### The task
Return all of the data exactly as written, without the pictures.

### Provided material
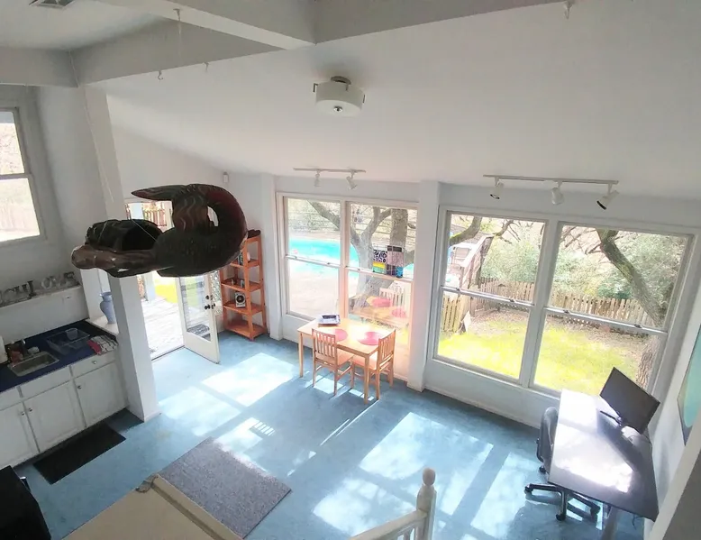 31 days or longer stays. Furnished, all bills paid including high speed internet. Spacious studio perfect for ONE person to work from home, transition to Austin, or corporate relocation. Vaulted ceiling, lots of natural light, wonderful views through large windows, work table for laptop (monitor provided), full kitchenette, 54" TV set up with Roku to stream your favorites, full bathroom and lots of built in storage. The studio backs up to a greenbelt and is very quiet and private, like living in a nature preserve. You will see deer and squirrels everyday, bunnies, armadillos and an occasional fox. The apartment is below our house with a separate gate and entrance. There are steps and a stairway that separate your studio from the street. You share the extensive backyard and pool with us. We are low keyed, quiet types, working remotely and have a friendly inside dog who visits the yard. The neighborhood is very safe and great for walking or biking. There are several nature trails nearby including Great Hills Park and Bull Creek Park. Shopping complexes at the Arboretum, Domain and 183 are just a few blocks away. Conveniently located near large employers like Apple, VRBO and Indeed. No smoking, no pets, or parties. Interested in a longer stay? Please contact us to match up. We will respond quickly.
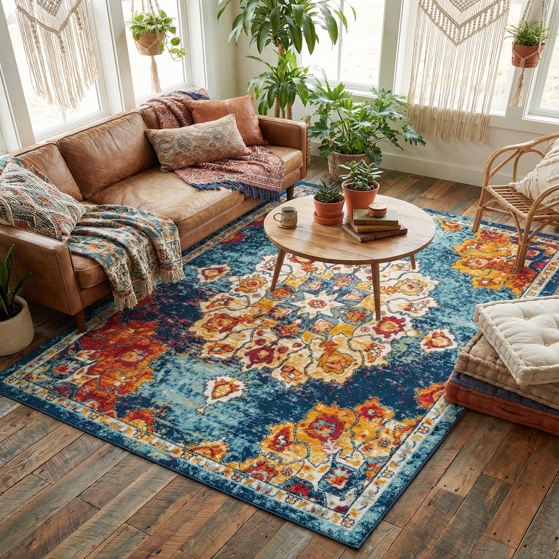Place this rug under a seating group to anchor a living room with layered textiles and natural wood furniture, or use it to bring color and pattern into a neutral home office. It also complements eclectic and bohemian interiors where mixed patterns and bright accents are welcome, and it can warm a dining area when paired with simple, modern tableware. The colorway works well with navy and cream upholstery, as well as warm-toned woods and metallic accents.
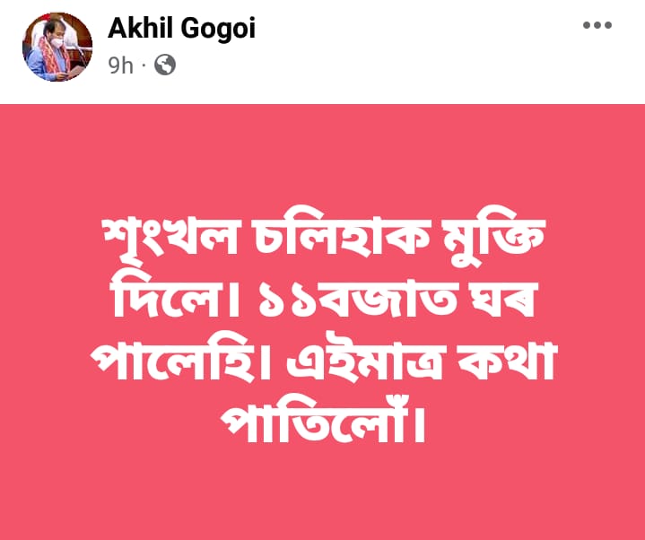 কাৰাগাৰৰ পৰা মুক্তি লাভ বীৰ লাচিত সেনাৰ নেতা শৃংখল চলিহাৰ…
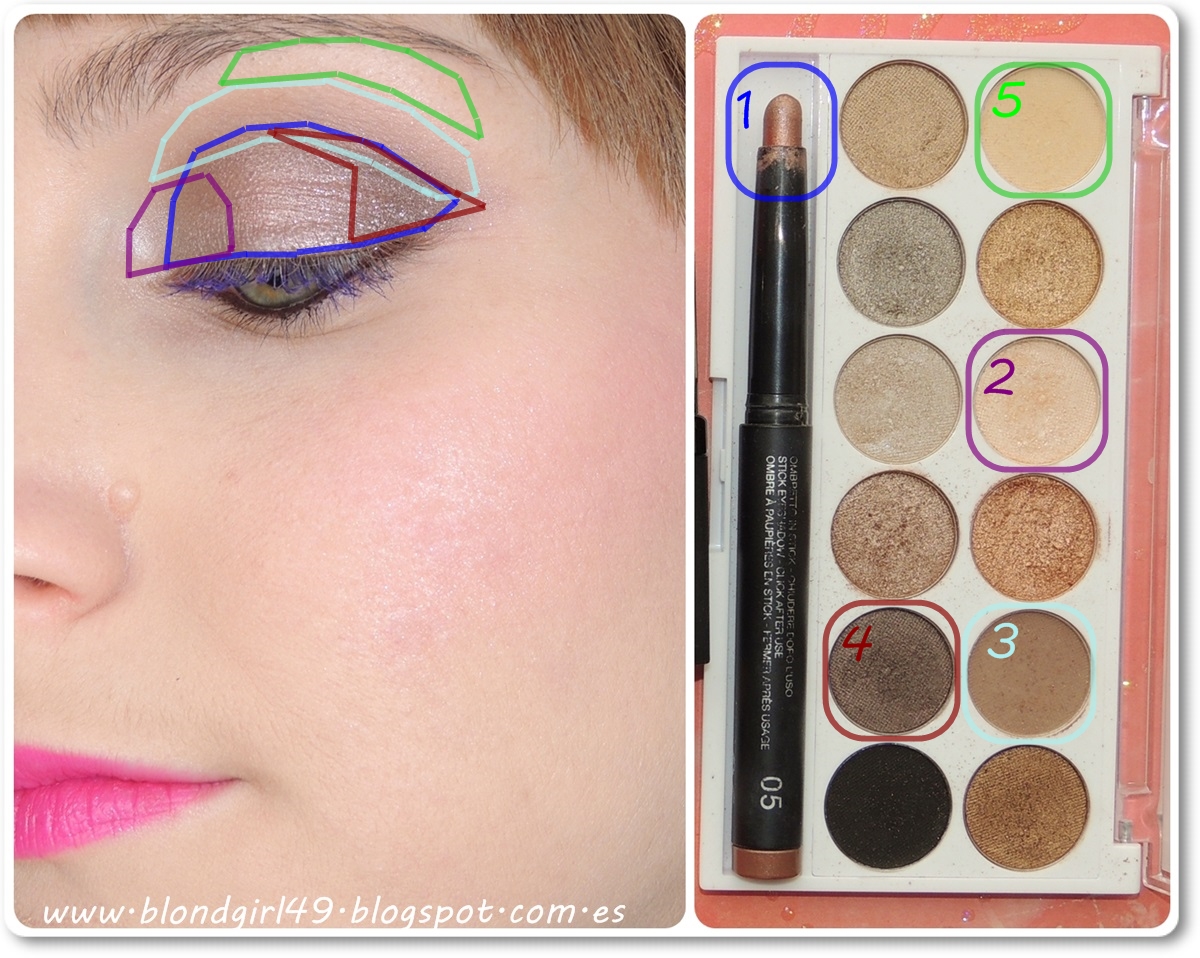 Primero he empezando aplicando el long lasting de Kiko, es un producto que me gusta muchísimo, es muy apañado para cuando tenemos prisa y los colores son todos preciosísimos pero también nos puede servir como prebase de sombras. Para aplicarlo me hago varias rayas seguidas como si me estuviera delineando el párpado superior y luego con un pincel sintético voy arrastrándolo por todo el párpado móvil (en la foto en color azul sale la zona que dejo con tono) siempre procuro que todas las zonas queden bien cubiertas y en un tono uniforme aunque ya de por sí deja el mismo tono. Luego cojo la sombra Shy que es un cremita irisado que suelo usar para iluminar y lo aplico en la zona del lagrimal del ojo extendiéndola por esa zona del párpado. Luego uso la sombra Lavish en la zona de la cuenca del ojo para que no se note tanto el corte de la sombra de kiko con nuestro tono de piel. Con la sombra Obsessed marco la V externa y un poco el final de la cuenca y difumino bien. Para acabar son las sombras ilumino el arco de la ceja con la sombra Naked. Ahora nos toca el detalle final de aplicarnos la máscara de pestañas, hay que repetir varias veces para que se note bien el color pero vale la pena y, por último, nos hacemos la raya negra en la waterline.FOTITOS:

### Response box
 31 days or longer stays. Furnished, all bills paid including high speed internet. Spacious studio perfect for ONE person to work from home, transition to Austin, or corporate relocation. Vaulted ceiling, lots of natural light, wonderful views through large windows, work table for laptop (monitor provided), full kitchenette, 54" TV set up with Roku to stream your favorites, full bathroom and lots of built in storage. The studio backs up to a greenbelt and is very quiet and private, like living in a nature preserve. You will see deer and squirrels everyday, bunnies, armadillos and an occasional fox. The apartment is below our house with a separate gate and entrance. There are steps and a stairway that separate your studio from the street. You share the extensive backyard and pool with us. We are low keyed, quiet types, working remotely and have a friendly inside dog who visits the yard. The neighborhood is very safe and great for walking or biking. There are several nature trails nearby including Great Hills Park and Bull Creek Park. Shopping complexes at the Arboretum, Domain and 183 are just a few blocks away. Conveniently located near large employers like Apple, VRBO and Indeed. No smoking, no pets, or parties. Interested in a longer stay? Please contact us to match up. We will respond quickly.
Place this rug under a seating group to anchor a living room with layered textiles and natural wood furniture, or use it to bring color and pattern into a neutral home office. It also complements eclectic and bohemian interiors where mixed patterns and bright accents are welcome, and it can warm a dining area when paired with simple, modern tableware. The colorway works well with navy and cream upholstery, as well as warm-toned woods and metallic accents.
 কাৰাগাৰৰ পৰা মুক্তি লাভ বীৰ লাচিত সেনাৰ নেতা শৃংখল চলিহাৰ…
 Primero he empezando aplicando el long lasting de Kiko, es un producto que me gusta muchísimo, es muy apañado para cuando tenemos prisa y los colores son todos preciosísimos pero también nos puede servir como prebase de sombras. Para aplicarlo me hago varias rayas seguidas como si me estuviera delineando el párpado superior y luego con un pincel sintético voy arrastrándolo por todo el párpado móvil (en la foto en color azul sale la zona que dejo con tono) siempre procuro que todas las zonas queden bien cubiertas y en un tono uniforme aunque ya de por sí deja el mismo tono. Luego cojo la sombra Shy que es un cremita irisado que suelo usar para iluminar y lo aplico en la zona del lagrimal del ojo extendiéndola por esa zona del párpado. Luego uso la sombra Lavish en la zona de la cuenca del ojo para que no se note tanto el corte de la sombra de kiko con nuestro tono de piel. Con la sombra Obsessed marco la V externa y un poco el final de la cuenca y difumino bien. Para acabar son las sombras ilumino el arco de la ceja con la sombra Naked. Ahora nos toca el detalle final de aplicarnos la máscara de pestañas, hay que repetir varias veces para que se note bien el color pero vale la pena y, por último, nos hacemos la raya negra en la waterline.FOTITOS:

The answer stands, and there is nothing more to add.